Vita normale dopo 4-5 giorni

“La situazione Covid è cambiata”. È quanto emerge dalle parole del ministro della Salute, Orazio Schillaci, il quale sottolinea la nuova linea per i pazienti asintomatici: dopo 4-5 giorni ci sarà la fine dell’isolamento e “potranno tornare alla normale attività”. E anche chi presenta una sintomatologia lieve potrà tornare alla “vita normale”, considerando però “almeno 24 ore di assenza di febbre e sintomi, magari con qualche precauzione come la mascherina per proteggere i fragili”. Le indicazioni saranno precisate e confermate tramite un’ordinanza in via di pubblicazione. Il ministro ha annunciato poi che a breve partirà una campagna per sensibilizzare sull’importanza della vaccinazione per Covid e influenza. 

Università: se serve aumentare accessi

“Prima della pandemia entravano tra gli 8 e i 10 mila medici.
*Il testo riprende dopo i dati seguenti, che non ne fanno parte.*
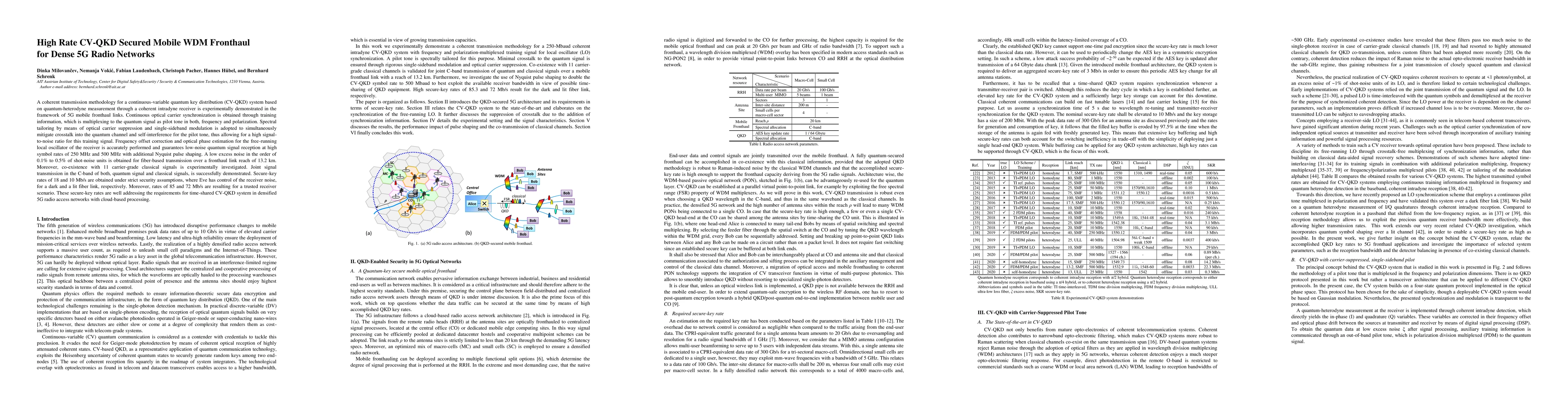 This paper demonstrates a high-rate CV-QKD system for secure mobile fronthaul links in dense 5G networks using coherent intradyne reception. The system achieves secure-key rates of 18 and 10 Mb/s under various noise conditions, addressing the security needs for time-shared CV-QKD in 5G radio access networks.

Dai conti che abbiamo oggi ne mancano 50 mila, il che vuol dire che all’epoca ne avremmo dovuti reclutare tra i 12 e i 15 mila per cui bisogna aumentare il numero dei nuovi medici, da programmare a seconda di quelle che sono le esigenze, inoltre bisogna programmare adeguatamente anche gli accessi alle scuole di specializzazione dove possano arrivare più neolaureati”. 
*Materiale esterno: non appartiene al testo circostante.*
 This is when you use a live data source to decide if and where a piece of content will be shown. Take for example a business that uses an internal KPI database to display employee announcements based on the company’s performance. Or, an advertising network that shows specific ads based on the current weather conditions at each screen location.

Gemmato in linea con il governo

“Il sottosegretario alla Salute ha chiarito la sua posizione” rispetto ai vaccini, che è “in linea con quella del Governo”, espressa anche “a Bali dalla premier Giorgia Meloni”. Marcello Gemmato “si è vaccinato” contro Covid-19 ed “è un farmacista, categoria che ha contribuito moltissimo alla vaccinazione antipandemica”. “Credo che la sua posizione sia ora completamente chiara”, ha sottolineato Schillaci, aggiungendo che, “come ha detto il primo ministro, l’Italia contribuirà moltissimo alla lotta futura contro le pandemia. Si è costituito un fondo internazionale e noi siamo i terzi contribuitori dopo Usa e Ue”. 

Aumentare gli stipendi

“La carenza di medici è il risultato di una programmazione sbagliata degli ultimi 10 anni e riguarda anche gli infermieri. Ci siamo accorti che servivano i medici quando è arrivata la pandemia. Dobbiamo ridare attrattività al Servizio sanitario nazionale, uno dei migliori. È importante operare in questo sistema e dobbiamo farlo capire ai giovani”. “Sui medici a gettone, trovo assurdo che nella stessa struttura ci siano persone che svolgono lo stesso lavoro e abbiano diversi compensi – aggiunge il ministro – inoltre medici e infermieri hanno stipendi che sono tra il 30 e il 40% di meno rispetto ai paesi europei”. 

Ridurre burocrazia per farmaci e terapie

“Dobbiamo ridurre la burocrazia per far sì che medicinali salvavita arrivino con tempi più brevi. Ci sono farmaci innovativi e noi abbiamo gli strumenti per personalizzare la cura ma abbiamo bisogno di avere percorsi più veloci”.